··· PROVIDED DATA ···
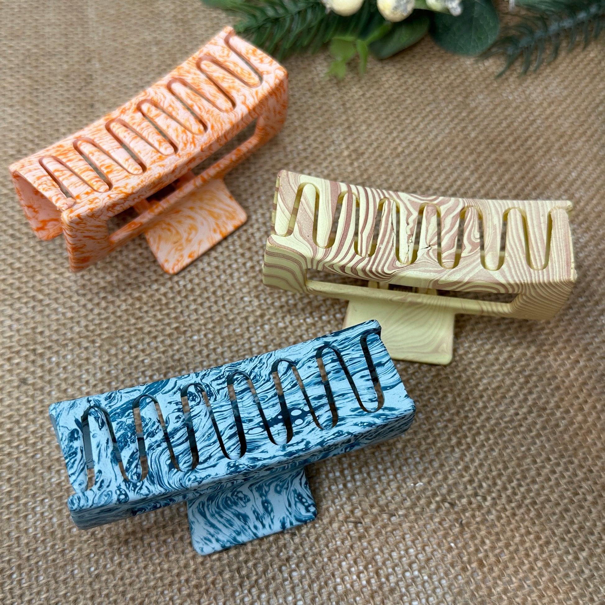 Upgrade your hair accessory game with the small Splatter Claw. Expertly crafted for maximum hold and style, this oversized claw is designed to securely grip all hair types, keeping your look flawless throughout the day.
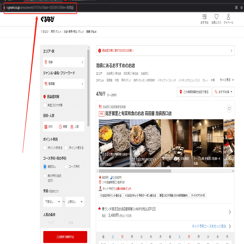 グルメ情報サイト!ぐるなびから飲食店の予約番号をスクレイピング
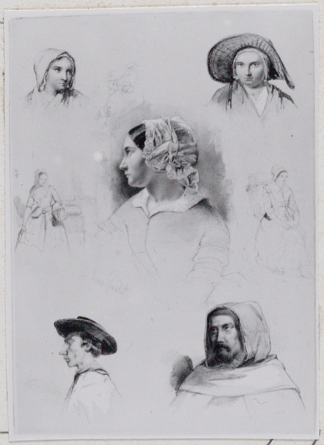 - papier, rood krijt, krijt, potlood, waterverf, verf, hoogsel
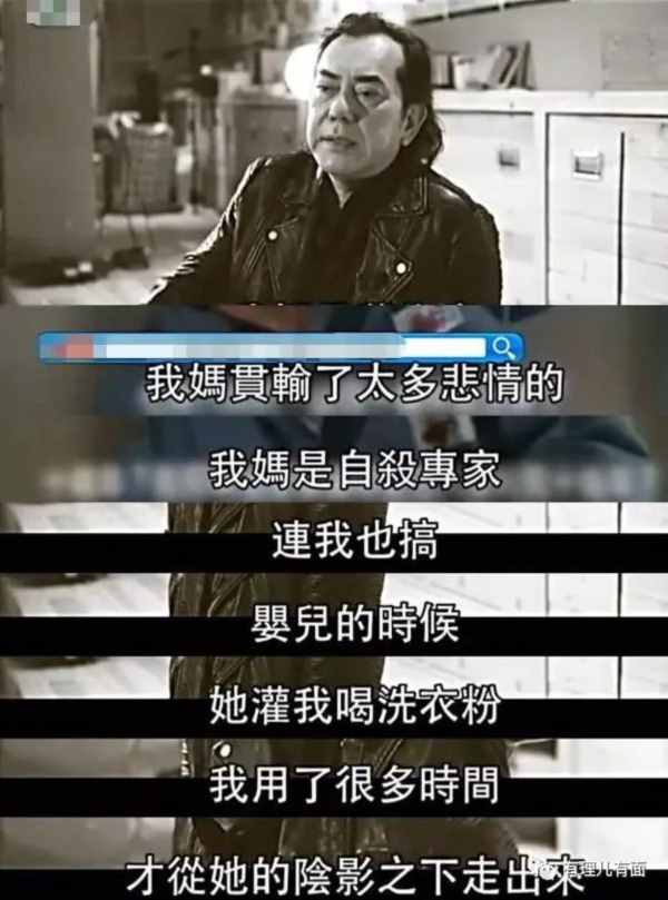 黄秋生还说,"我妈是自杀专家,连我都搞,在婴儿的时候,给我灌过洗衣粉。"
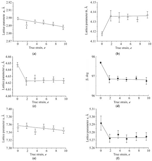 Figure 3 shows the R and B19′ lattice parameters at different true strains. It can be seen that at e = 1.84, the B19′ lattice parameter a decreased somewhat, and further, it weakly depended on e (Figure 3a). At the same time, the parameters b, c, and the angle β at e = 1.84 changed steeply, and further, their e dependence weakened (Figure 3b–d). The R lattice parameters a and b after abc pressing remained almost the same as before abc pressing (Figure 3e), whereas the parameter c decreased markedly at e = 1.84, and further, it weakly depended on e (Figure 3f).
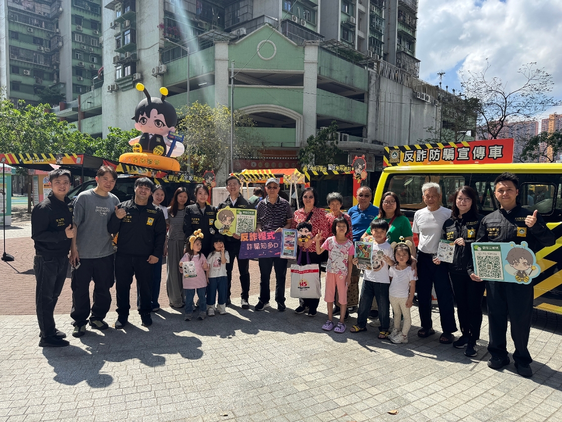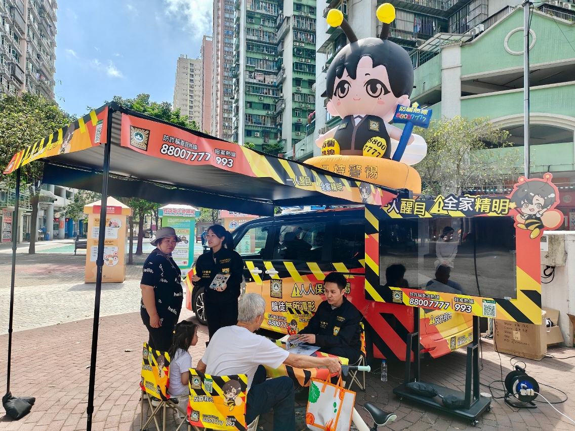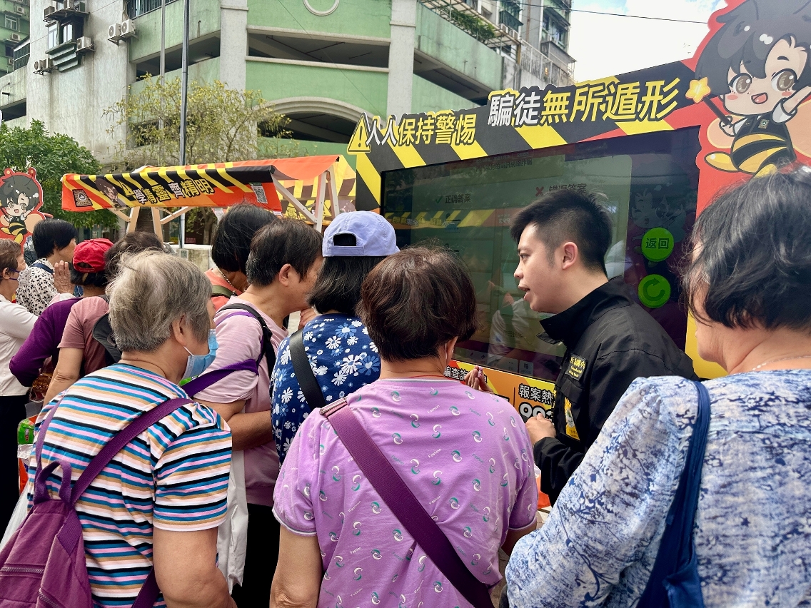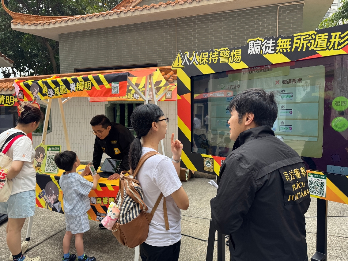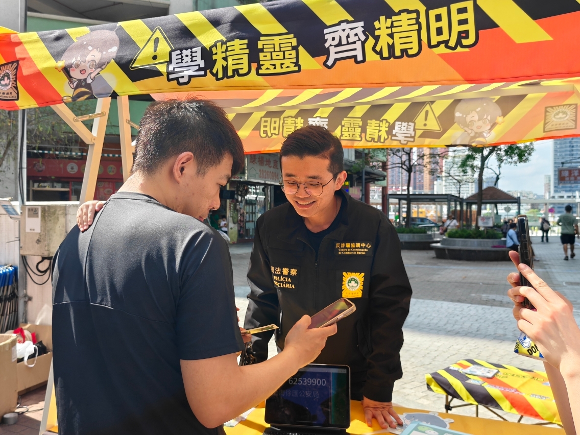司法警察局全新设计的“反诈宣传车”早前已试运行巡访本澳七所高等院校,开展防骗宣传工作。为进一步扩大防骗资讯的覆盖范围,宣传车现将巡回范围逐步拓展至全澳各社区。首阶段活动已于4月19日及21日分别在氹仔花城公园侧及筷子基绿杨花园休憩区举行,两场活动共吸引逾500名市民参与。适逢复活节假期,不少市民携同家人到场参与,涵盖长者、青少年等不同年龄层,有效将防骗意识深入社区各个群体,为构建全民防骗网络发挥积极作用。
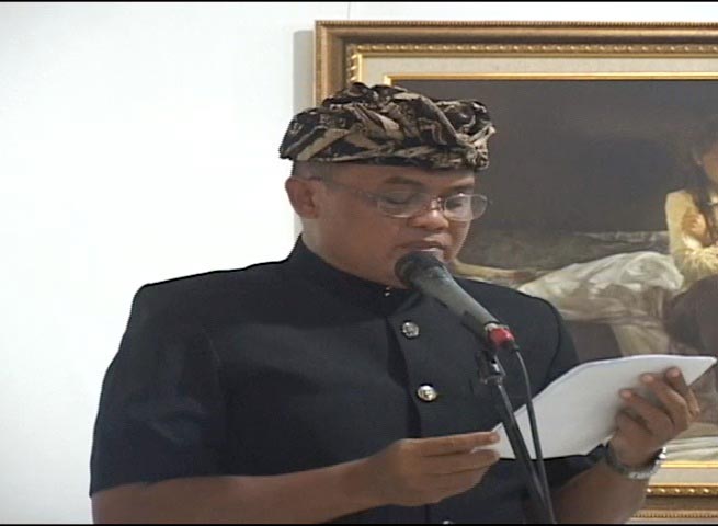 当天下午六时整,在印尼巴厘岛的思卡画廊(Sika Gallery),巴厘岛吉安雅县(Gianyar Regency)旅游与文化总局局长寇克•威蒂亚沙(Cok Widiarsa)在优美的舞蹈中为“真善忍国际美展”开幕,他在致词中表示:“我以吉安雅县政府的名义,对画展的举办表示欢迎,除了让人赏心悦目,也很有教育意义,不论是在画作的技术方面还是要传达的信息方面。用善的思想来创作的画作,自然的会出来好的作品,那是内心的东西。”
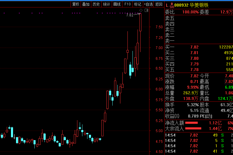 周四,华菱钢铁放量涨停。截至收盘报7.82元,创出自2008年以来新高。全天成交金额接近20亿元,近三个交易日累计涨幅超过20%。
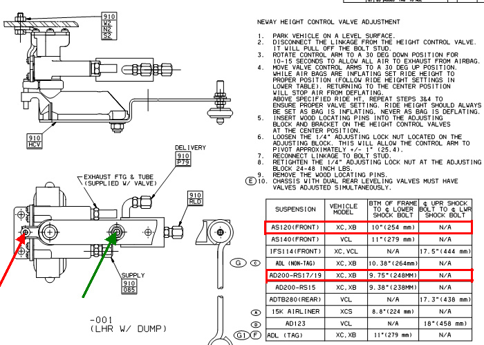 Freightliner Ride Height Control Valve AdjustingI have recently been asked to explain the procedure for adjusting the ride height on a Freightliner chassis. I will use my chassis as an example it is a 2007 XC chassis with a 40 foot Phaeton coach. My chassis has three height control valves, one on the front driver's side of the axle and two on the rear axle one on each side. The front height control valve is used to adjust the ride height on the front axle both left and right sides. The two control valves on the rear axle are adjusted simultaneously. Adjusted one side of the rear axle will affect the height of the opposite side of the rear axle. So it takes a little tweaking back and forth to get good results.
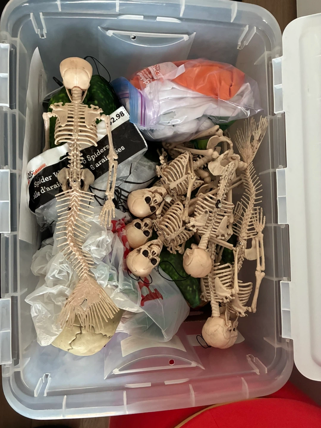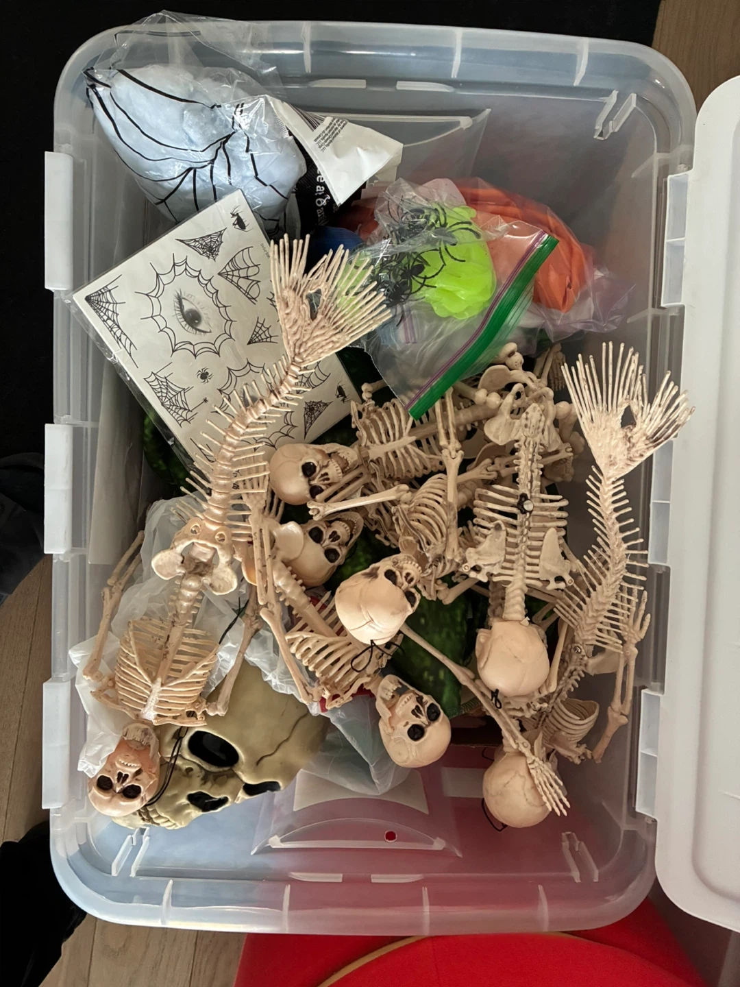Moving Sale! Selling a bin full of Halloween decorations! Includes several small skeletons, skulls, spiders, tattoos, glow in the dark sticky pumpkins and spiderweb decorations.
···
» ABOUT THIS TASK
Leave out the pictures, then copy all the remaining text in the records exactly.

» RESULT OF THE EXERCISE
 Upgrade your hair accessory game with the small Splatter Claw. Expertly crafted for maximum hold and style, this oversized claw is designed to securely grip all hair types, keeping your look flawless throughout the day.
 グルメ情報サイト!ぐるなびから飲食店の予約番号をスクレイピング
 - papier, rood krijt, krijt, potlood, waterverf, verf, hoogsel
 黄秋生还说,"我妈是自杀专家,连我都搞,在婴儿的时候,给我灌过洗衣粉。"
 Figure 3 shows the R and B19′ lattice parameters at different true strains. It can be seen that at e = 1.84, the B19′ lattice parameter a decreased somewhat, and further, it weakly depended on e (Figure 3a). At the same time, the parameters b, c, and the angle β at e = 1.84 changed steeply, and further, their e dependence weakened (Figure 3b–d). The R lattice parameters a and b after abc pressing remained almost the same as before abc pressing (Figure 3e), whereas the parameter c decreased markedly at e = 1.84, and further, it weakly depended on e (Figure 3f).
司法警察局全新设计的“反诈宣传车”早前已试运行巡访本澳七所高等院校,开展防骗宣传工作。为进一步扩大防骗资讯的覆盖范围,宣传车现将巡回范围逐步拓展至全澳各社区。首阶段活动已于4月19日及21日分别在氹仔花城公园侧及筷子基绿杨花园休憩区举行,两场活动共吸引逾500名市民参与。适逢复活节假期,不少市民携同家人到场参与,涵盖长者、青少年等不同年龄层,有效将防骗意识深入社区各个群体,为构建全民防骗网络发挥积极作用。
 当天下午六时整,在印尼巴厘岛的思卡画廊(Sika Gallery),巴厘岛吉安雅县(Gianyar Regency)旅游与文化总局局长寇克•威蒂亚沙(Cok Widiarsa)在优美的舞蹈中为“真善忍国际美展”开幕,他在致词中表示:“我以吉安雅县政府的名义,对画展的举办表示欢迎,除了让人赏心悦目,也很有教育意义,不论是在画作的技术方面还是要传达的信息方面。用善的思想来创作的画作,自然的会出来好的作品,那是内心的东西。”
 周四,华菱钢铁放量涨停。截至收盘报7.82元,创出自2008年以来新高。全天成交金额接近20亿元,近三个交易日累计涨幅超过20%。
 Freightliner Ride Height Control Valve AdjustingI have recently been asked to explain the procedure for adjusting the ride height on a Freightliner chassis. I will use my chassis as an example it is a 2007 XC chassis with a 40 foot Phaeton coach. My chassis has three height control valves, one on the front driver's side of the axle and two on the rear axle one on each side. The front height control valve is used to adjust the ride height on the front axle both left and right sides. The two control valves on the rear axle are adjusted simultaneously. Adjusted one side of the rear axle will affect the height of the opposite side of the rear axle. So it takes a little tweaking back and forth to get good results.
Moving Sale! Selling a bin full of Halloween decorations! Includes several small skeletons, skulls, spiders, tattoos, glow in the dark sticky pumpkins and spiderweb decorations.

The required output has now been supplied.